Please Allow Me to Humiliate You
by John Zmirak - August 19, 2009
Reprinted with permission.
We all know the story of the Pharisee and the tax collector in the Temple (Lk 18:9-14). "But then the tax collector, aware of his own deep humility, looked upon the Pharisee and said: Lord, I thank thee that I am not such as this man, who fasts and prays and gives alms unto the poor. Rather, in the depth of my sinfulness is the greatness of my repentance, so am I exalted far above this other man."
Or something like that.
No, wait a minute.

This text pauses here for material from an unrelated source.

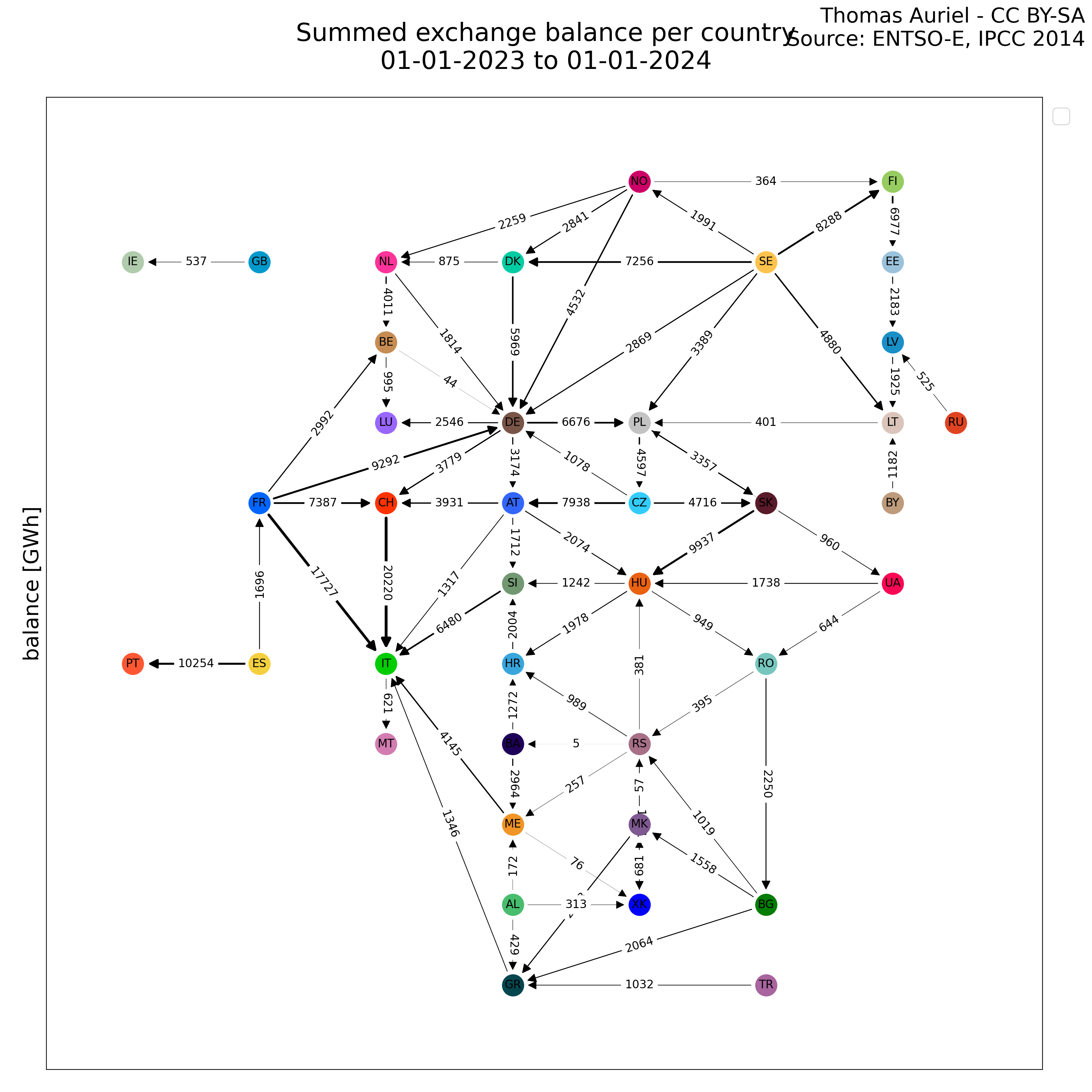 Graph network representations visualize complex interactions and electricity exchange among countries. Nodes represent individual countries, labeled with their iso code. Links illustrate the flow, direction, and intensity of exchanges, with wider links denoting greater exchange values. This representation aids in identifying countries with significant interactions and offers insights into international relationships.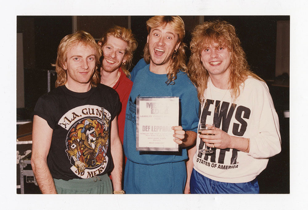 Phil, Steve, Joe, and Sav celebrate their Metal Edge Magazine 1988 Readers' Choice Award. From the Collection of Def Leppard.

The above is a mash-up of Scripture that came to me courtesy of my old boss Tom Hoopes, recently departed from many years as editor of the National Catholic Register. I wish I could claim credit for this brilliant illustration of the perverse uses which can be made even of Christianity's deepest impulses. I've seen people really do this – for instance, Catholic bloggers who seem to boast about the depth of their former sins, and wallow in their specialness compared to dreary, bourgeois churchgoers who've always tried to follow the rules. There's a certain type of "penitent" who delights in playing the perpetual prodigal son, always deserving of the fatted calf. Just by going one more day without doing heroin, or cheating on their spouses, they think they are forever causing greater joy in heaven than whole cloisters full of holy Carmelites. The trick is to stay the "lost sheep," and never blend in and become one of those boring 99…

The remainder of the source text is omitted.